Happy Birthday!!!!!! 

Yes, he does have feelings for her. Maybe it's just flirty feelings, but it's inappropriate regardless. Getting him to cut contact with her is not an insurmountable problem, but it is a lot of work and you'll have to put a lot of pressure on him. But then even if she magically disappears tomorrow and his memory of her is erased, do you want to be married to this man specifically? Does he make you happy and you want to spend the rest of your life with him? Or is he just filling a generic "husband" role in your life?


----------



## sokillme

*Re: Ugh!! I’m lost and need a guys point of view*



MissBritt said:


> How do I take that?


 I wouldn't


MissBritt said:


> Should I walk away?


 Yep.


----------



## 3Xnocharm

*Re: Ugh!! I’m lost and need a guys point of view*



MissBritt said:


> Been with my husband for 21 years now. We have had our ups and downs. He is selfish sadly and I didn’t help that much. Always did everything for him even put the food on his plate and brought it to him. But any how. We split up about 5 years for a few months I got fed up. In the time apart he met this girl and dated for 3 months. He left her and we got back together.
> In the past few years he had talked to her on text messages and the smile he would get was huge and be all giddy. He sent her messages about how she is messing with his head in a good way, how she brought out the best in him, how beautiful she is over and over again. He doesn’t do anything for me really. I turned 40 and I was lucky to get a happy birthday out of him.
> 
> How do I take that? He swears he has no feelings for her but my gut is screaming he does. Should I walk away?
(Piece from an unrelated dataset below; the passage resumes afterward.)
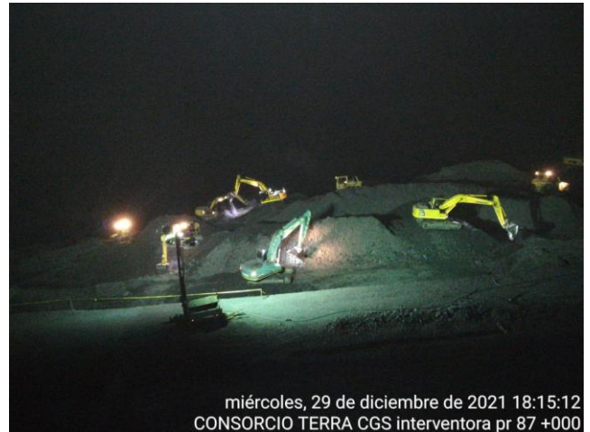
miércoles, 29 de diciembre de 2021 18:15:12 CONSORCIO TERRA CGS interventora pr 87 +000

Let her have his useless ass.


----------



## BluesPower

*Re: Ugh!! I’m lost and need a guys point of view*



MissBritt said:


> Been with my husband for 21 years now. We have had our ups and downs. He is selfish sadly and I didn’t help that much. Always did everything for him even put the food on his plate and brought it to him. But any how. We split up about 5 years for a few months I got fed up. In the time apart he met this girl and dated for 3 months. He left her and we got back together.
> In the past few years he had talked to her on text messages and the smile he would get was huge and be all giddy. He sent her messages about how she is messing with his head in a good way, how she brought out the best in him, how beautiful she is over and over again. He doesn’t do anything for me really. I turned 40 and I was lucky to get a happy birthday out of him.
> 
> How do I take that? He swears he has no feelings for her but my gut is screaming he does. Should I walk away?
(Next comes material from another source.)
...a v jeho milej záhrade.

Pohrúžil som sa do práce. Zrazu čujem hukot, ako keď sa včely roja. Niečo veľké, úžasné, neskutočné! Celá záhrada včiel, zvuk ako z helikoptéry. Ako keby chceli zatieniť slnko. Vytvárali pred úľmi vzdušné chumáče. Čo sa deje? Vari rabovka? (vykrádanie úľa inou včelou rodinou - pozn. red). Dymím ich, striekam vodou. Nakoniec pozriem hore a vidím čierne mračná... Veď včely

Yes you should. But not just for the girl, emotional affair or not. Although it is part of it. 

You spoilt him, and he never repaid that back to you, like he should have. Not because he owed you, but because he should have been in love with you and wanted to make you happy. 
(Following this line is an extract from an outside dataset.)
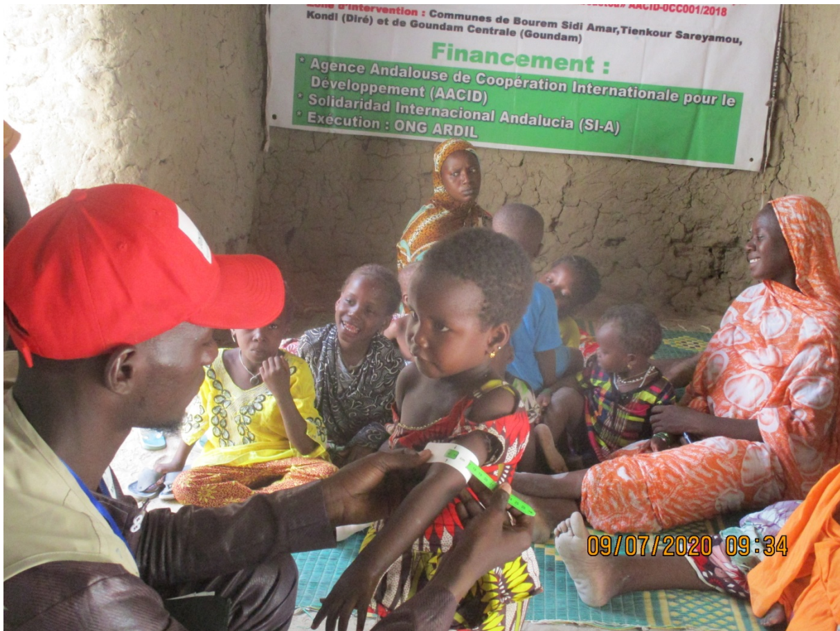
Dépistage des enfants et FEFA dans le village de Sinam

Also, lets be frank we are only getting your side of the story, and I am sure you are not perfect either. 

And lets also be frank, you probably should have had the courage to leave 5 years ago. 

I think he has lost interest in you, the relationship, and the marriage as a whole, and you put up with that. 

Not blaming you, alone, I am saying that both of you for letting the the marriage get away from you. 

So why not just end it? Do you think you are able to build back that love and desire that you once had for him? Is he capable of doing that as well? 

If not, good grief, you are 40, you can find someone else to be with, why stay in a situation like this?


----------



## FloridaOranges

Since trust is the primary foundation for any relationship, it sounds to me like professional counseling is in order. Not sure random opinions from people online will help at all.


----------



## MissBritt

I am not perfect at all. I do try my hardest to show I care and love him though. 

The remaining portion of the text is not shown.